A significant increase in the number of CD90⁺GPC3⁺ cells were detected within CD90⁺ cell population of PLC and MHCC97L cells. (A) In PLC cells, 95.3% of CD90⁺ cells co-expressed GPC3. (B) In MHCC97L cells, 99.0% of CD90⁺ cells co-expressed GPC3. (C) Analysis of a representative pair of human liver tissues indicated that only 4.5% of CD90⁺ population expressed GPC3 in non-tumorous tissues, while 89.9% of CD90⁺ cells expressed GPC3 in the matched tumorous tissues (median, 86.4%; range, 54.2–91.0%; n = 5). These results demonstrated that GPC3 is distinctly expressed in liver CD90⁺CSCs.

Figure 7. Double immunofluorescence staining of CD90 and GPC3 in sorted PLC CD90⁺GPC3⁺ cells.

The sorted cells were stained with fluorescein-conjugated anti-CD90 and anti-GPC3 antibodies.

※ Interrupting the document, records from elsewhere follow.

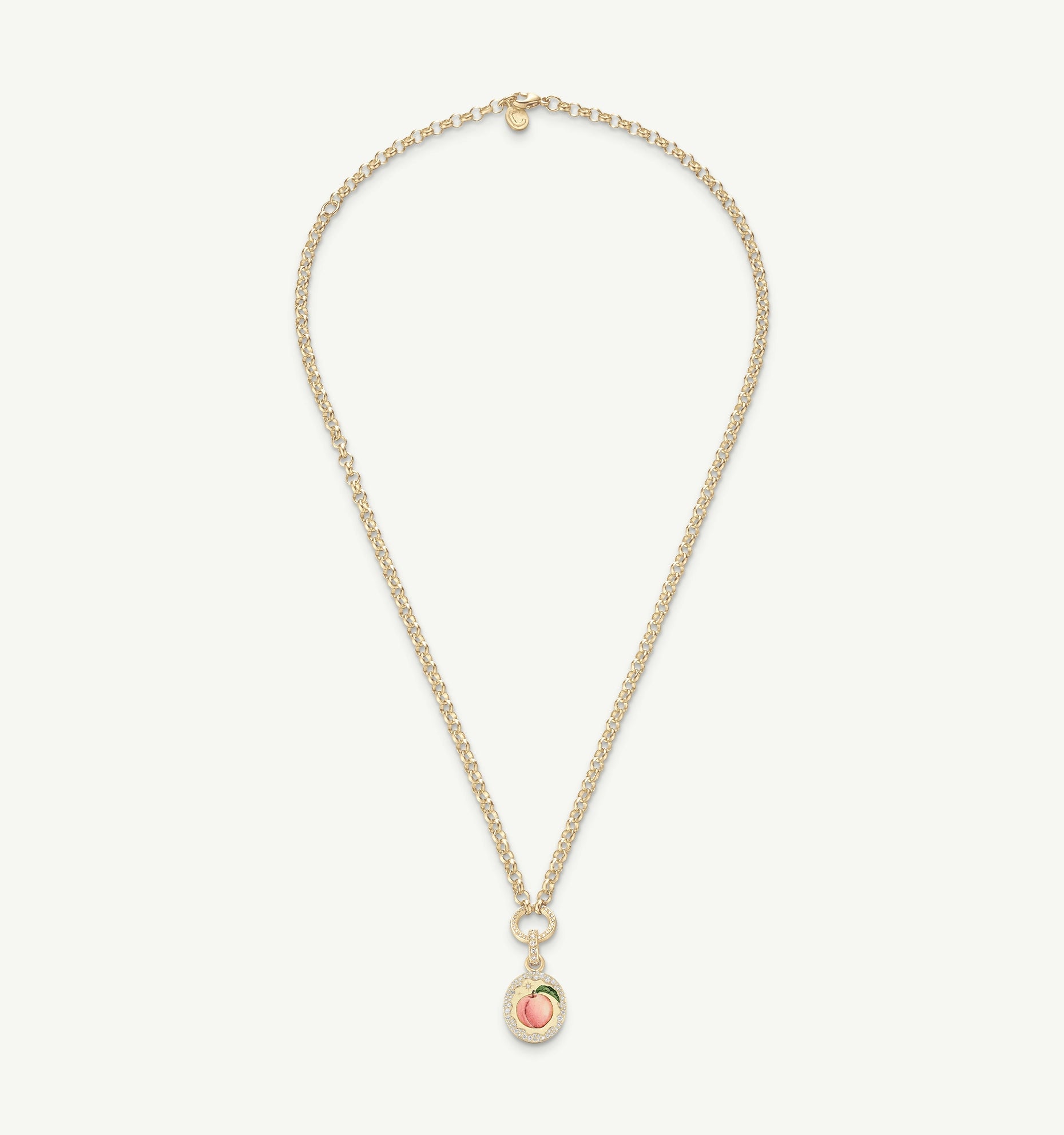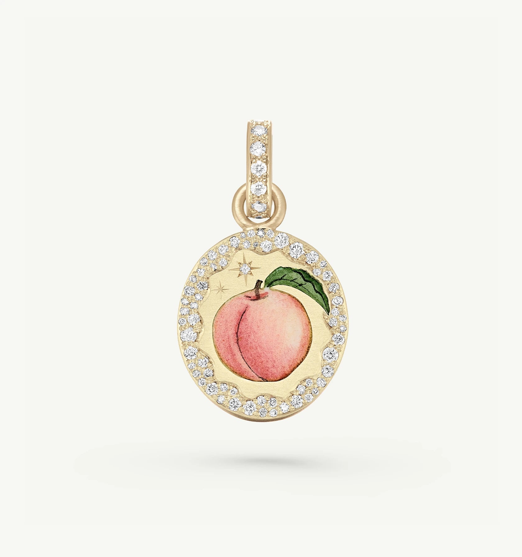 The sweet and blushing peach is a story of abundance and delight. A juicy peach speaks of summer at its height, overflowing with promise. This pendant is a tribute to the bounty of life, to the riches found in love, in nature, and in yourself.
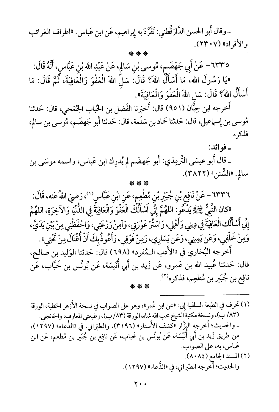 - وقال المِزِّي، بعد أَن نقل كلام أَبي حاتم: وكذلك قال جعفر بن محمد الفريابي وغيره، أن عُبيد الله بن عبد الله الذي روى موسى بن سالم عنه، عن ابن عباس، هو عُبيد الله بن عبد الله بن عباس. «تهذيب الكمال» ٢٩/ ٦٥.
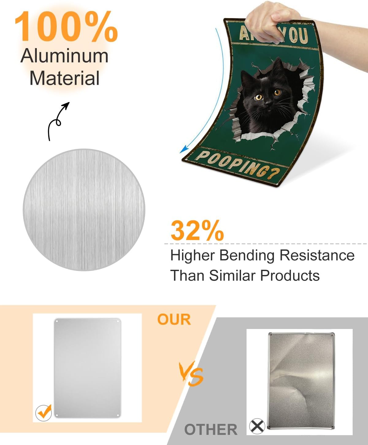 - 【Durable and Weather-Resistant】The toilet signs for bathroom are made from 100% rust-free strong aluminum, This black cat decor vintage metal sign comes in bright, eye-catching colors that won't fade over time.
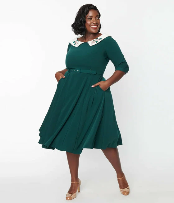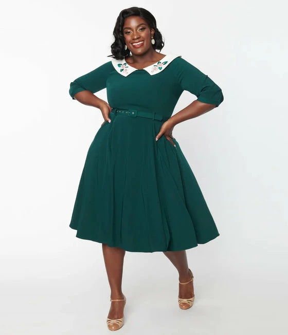 Stroll in style, darlings! The Elle swing dress from Collectif is cast in a stunning emerald green woven fabric. The princess seamed bodice is framed by three-quarter length sleeves. The scoop collar neckline features a lovely floral floral embroidery and is secured by a back zipper and hook. The seamed waist is cinched in with a matching emerald belt as the classic 1950s swing skirt dances around your knees, and has secret hidden pockets in the side seams for a touch of modern sensibilities!
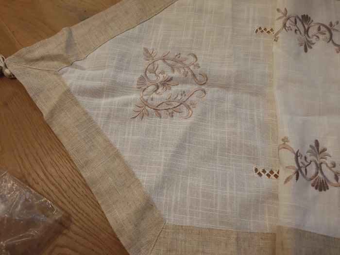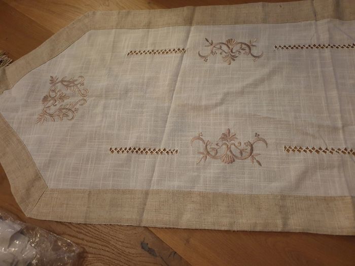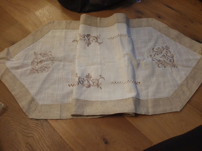 Grand chemin de table beige et blanc neuf - photo numéro 3
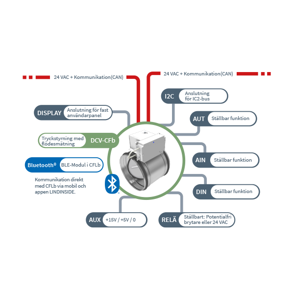 DCV-CFb är en styrenhet som består av Tryckregulator med flödesmätning CFLb, en spjällmotor och ett spjäll med mätfläns. Enheter med ett cirkulärt spjäll (Ø125-500) levereras fabriksmonterade. För övriga spjällstorlekar levereras spjäll, mätfläns, spjällmotor och regulator separat.
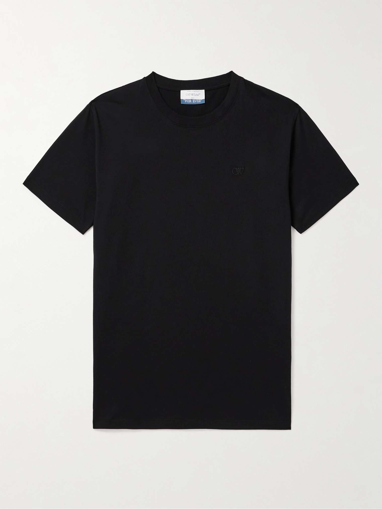 Off-White's T-shirt is the ideal foundation for any casual outfit. Cut from cotton-jersey, it has a smooth and comfortable handle and a subtle logo embroidered at the chest. Try yours under one of the label's varsity jackets in our edit. Size & Fit - Model wears a size larger to achieve a looser fit - Mid-weight, slightly stretchy fabric - Model is shown wearing a M - Model measures: chest 36"/ 92cm, height 6'0"/ 183cm Details & Care - Black cotton-jersey - 100% cotton - Machine wash
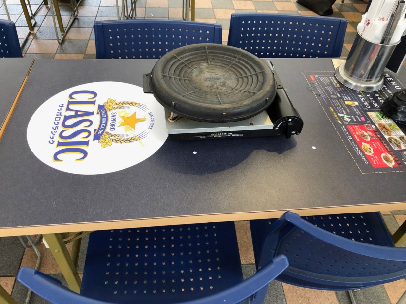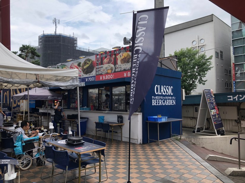 (この鍋は裏返っていますが、)カウンターで注文したら簡単にジンギスカンが食べられる、トイレはすぐ近くにある、ビール飲み放題、飲み疲れたら歩いて50mでタクシーに乗れる。実は、テレビ塔下は札幌で有数の屋外ビヤガーデンなのですよ。ここは絶対の隠れスポットだと思う。ただし、季節限定で夏だけ。と思うと、それは間違い。なんと、クソ寒い11−12月に開かれる冬まつりでは、この辺りがビニールハウスで囲われた飲み屋に変身する。夏でも冬でもサッポロクラシックを飲みまくる、すごいぞ札幌の人たち。
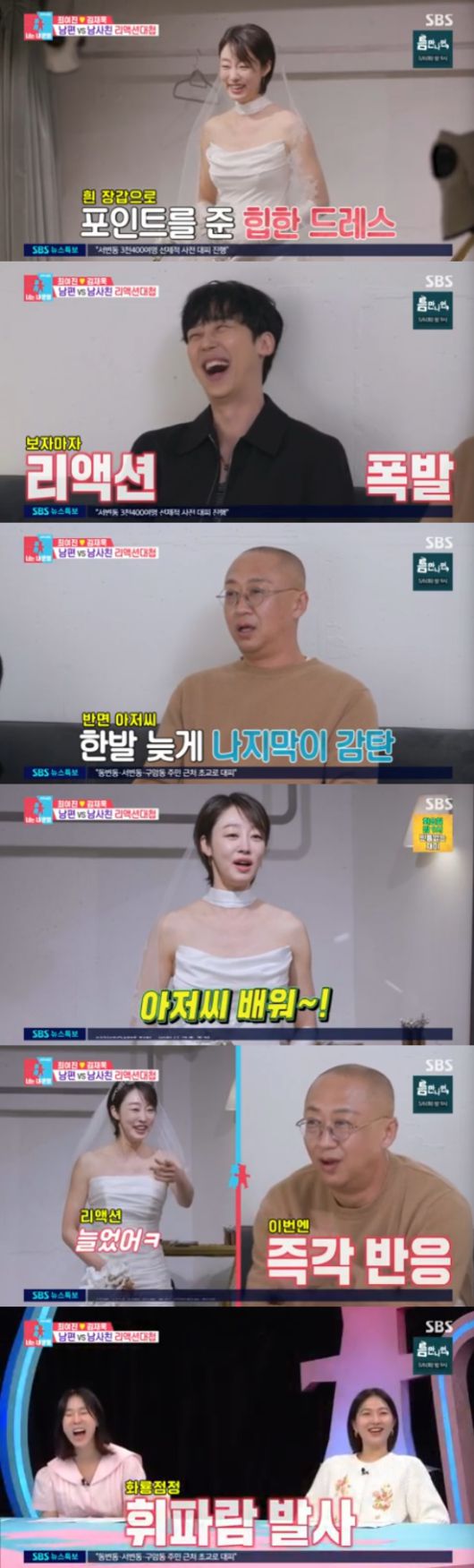 업무 통화를 위해 잠시 자리를 비웠던 김재욱은 뒤늦게 최여진의 웨딩드레스 자태를 본 김재욱은 기계적인 리액션을 날렸다. 반면 윤종훈은 리액션의 정석을 보여줬고, 이에 김재욱은 최여진이 드레스를 입고 나올 때마다 휘파람을 발사하는 등 과한(?) 리액션으로 웃음을 줬다.
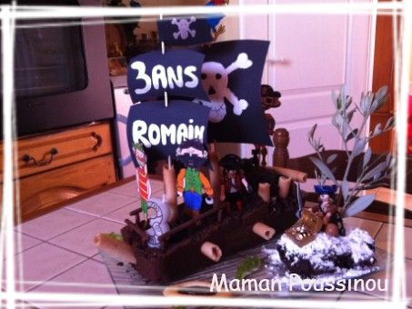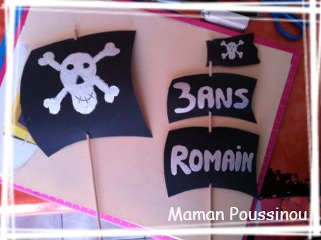 Du coup, je vais vous montrer les différents éléments que j’ai réalisés pour l’anniversaire de Poussin sur le thème des pirates :

Nuclei were counterstained by DAPI. The merge image showed the expression of CD90 and GPC3 in both cytoplasm and cell membrane.

Figure 8. Effective knockdown of GPC3 in PLC CD90⁺GPC3⁺ cells.

The sorted PLC CD90⁺GPC3⁺ cells were transfected with either 20 nM specific GPC3 siRNA or a scrambled siRNA control and incubated for 24 hours. (A) GPC3 knockdown in the target cells reduced the gene expression by 90% as measured by qRT-PCR. (B) By flow cytometry, the number of GPC3-expressing cells was decreased by 43% upon GPC3 knockdown when compared to the scrambled control (decreased from 3.9% to 2.2%).

Figure 9. Effect of GPC3 on cell proliferation and clonogenic capacity of liver CD90⁺GPC3⁺CSCs.

(A) Cell proliferation was assessed after GPC3 knockdown in PLC CD90⁺GPC3⁺ cancer stem cells. No significant effect of GPC3 on liver cancer stem cell proliferation was found. (B) Knockdown of GPC3 in PLC CD90⁺GPC3⁺ cancer stem cells by siRNA did not affect their colony formation ability, indicating that GPC3 had no impact on clonogenicity of the liver cancer stem cells.